The show's thrilling music by Andrew Lloyd Webber and lyrics by Tim Rice take us through the last seven days of Jesus’ life as told through the eyes of Judas Iscariot, and Caleb Mathura’s portrayal of Jesus was absolutely beautiful – one of the best I've ever seen. His falsetto was extraordinary, with a piercing quality that was so appropriate for his role, and Mathura had expressive eyes and facial expressions that made you feel his every emotion.

As Judas, Roy Brown was solid and had a strong voice, yet I just didn't get his take on the character. In fairness, maybe it was just so different from what I'm used to that I was stuck comparing him to other actors I've seen play this part. But while he did a respectable job, I wasn't feeling enough intensity or emotion from him; it was like Brown was spending so much time thinking about his lyrics, or something, that he wasn't quite able to fully develop his character’s personality.

Nissi Shalome, who played Mary Magdalene, was gorgeous, and she and Mathura complimented each other well. The graceful Shalome also gave a poignant solo performance of “I Don’t’ Know How to Love Him,” coming across as a mature and seasoned performer, and the actress wore a lovely yellow blouse, by costume designer Damarius Kennedy, with a bell sleeve that flowed beautifully. As for the rest of the cast members' costumes, Kennedy had them wearing different styles of jeans with jean vests, scarfs, headbands, and, for the women, long skirts or shorts that had a total hippie vibe. At one point, two of the male actors also donned fedoras, and several of the jean vests and jackets sported the Jesus Christ Superstar logo with its two-winged angels on the back.

Joey LaPlant did a terrific job as the nefarious Caiaphas, boasting an extremely low bass voice that was surreal, and wore six-inch-heeled platform boots that he impressively navigated throughout the show’s entirety. His sidekick Annas, played by Eli Nash, was equally wicked, decked out in high-heeled black boots and a spiked arm bracelet.

Interestingly, Autumn Key was cast as King Herod, and having never seen a female play this role, I have to say she brought a new dimension to this character with her feisty dance moves and sassy personality. She, too, had an outfit that was eye-popping, a costume that found half of one leg covered with a lacy stocking and the other leg dressed in a peach Lycra (or leather) pant. Key also wore a flashy, silver-studded bra that reflected the lights nicely.

Meanwhile, John Burkland's lighting design was fabulous – especially the spotlights, which looked like a divine glow coming from heaven that enveloped individual actors as they sang. The color of the lights frequently changed, too, as the mood of each scene shifted and, at times, different patterns blinked on the floor.
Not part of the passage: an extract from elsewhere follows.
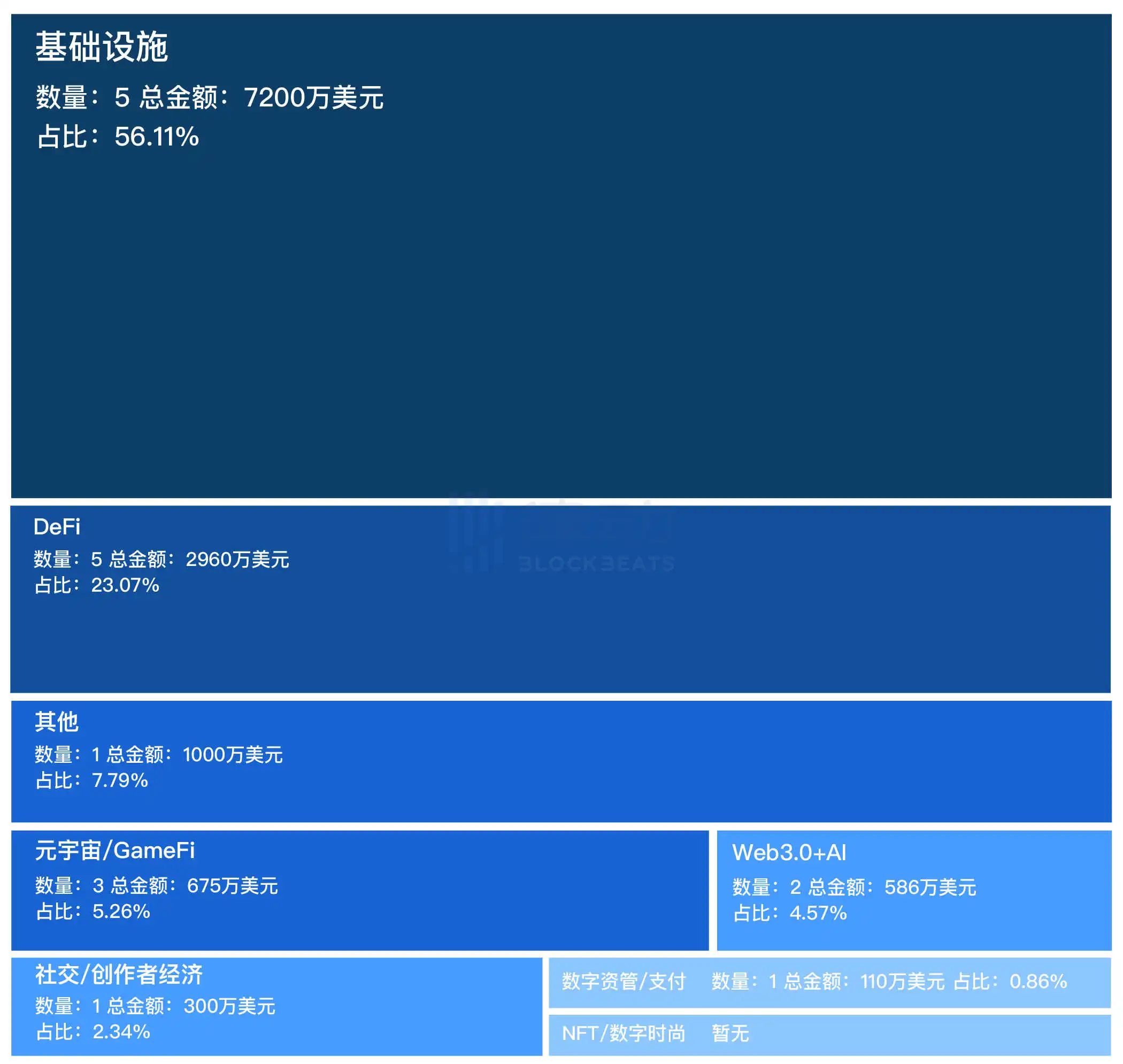 上周的融资总数为 18 笔,数量较之前减少,总金额约为 12831 万美元,平均融资金额为 712.83 万美元。其中,基础设施领域占据主体,DeFi 领域和其他领域融资相对较多,元宇宙/GameFi 领域和 Web3.0+AI 领域增多,社交/创作者经济领域和数字资管/支付领域较少,NFT/数字时尚领域暂无。下图为上周各板块融资占比:

Matt McClure's set design was equally eye-catching, with graffitied walls on each side of the stage, a high-rise platform with stairs on each end, and a fenced-in balcony. Timber Lake’s rotating stage added another dimension to the scenic design, and the performers were constantly moving about while the stage shifted, which must have required a lot of balance and concentration on the actors' part, especially for those wearing high-heeled boots or shoes. There were also highway lines painted on the floor, with construction barricades in the background and yellow caution tape attached to parts of the fencing – the same fencing used to handcuff Jesus prior to his crucifixion.

Like I said, this rendering of Jesus Christ Superstar was unique and unusual in its presentation, and the creative Stancato did a great job in his interpretation of events. At one point, Jesus even fell backward from the balcony – about a six-foot drop or more – and Mathura's fellow cast members caught him. That must have taken a lot of trust on the actor's part, and there were other equally impressive stunts and fight scenes, as well. While the entire production flowed from scene to scene effortlessly, there was also a lot to look at.

Timber Lake Playhouse’s interpretation of Jesus Christ Superstar was not exactly what I expected. But it was quite entertaining, and with its fresh concept, I found myself further contemplating how the modern world views this dramatic story of Christ and his apostles.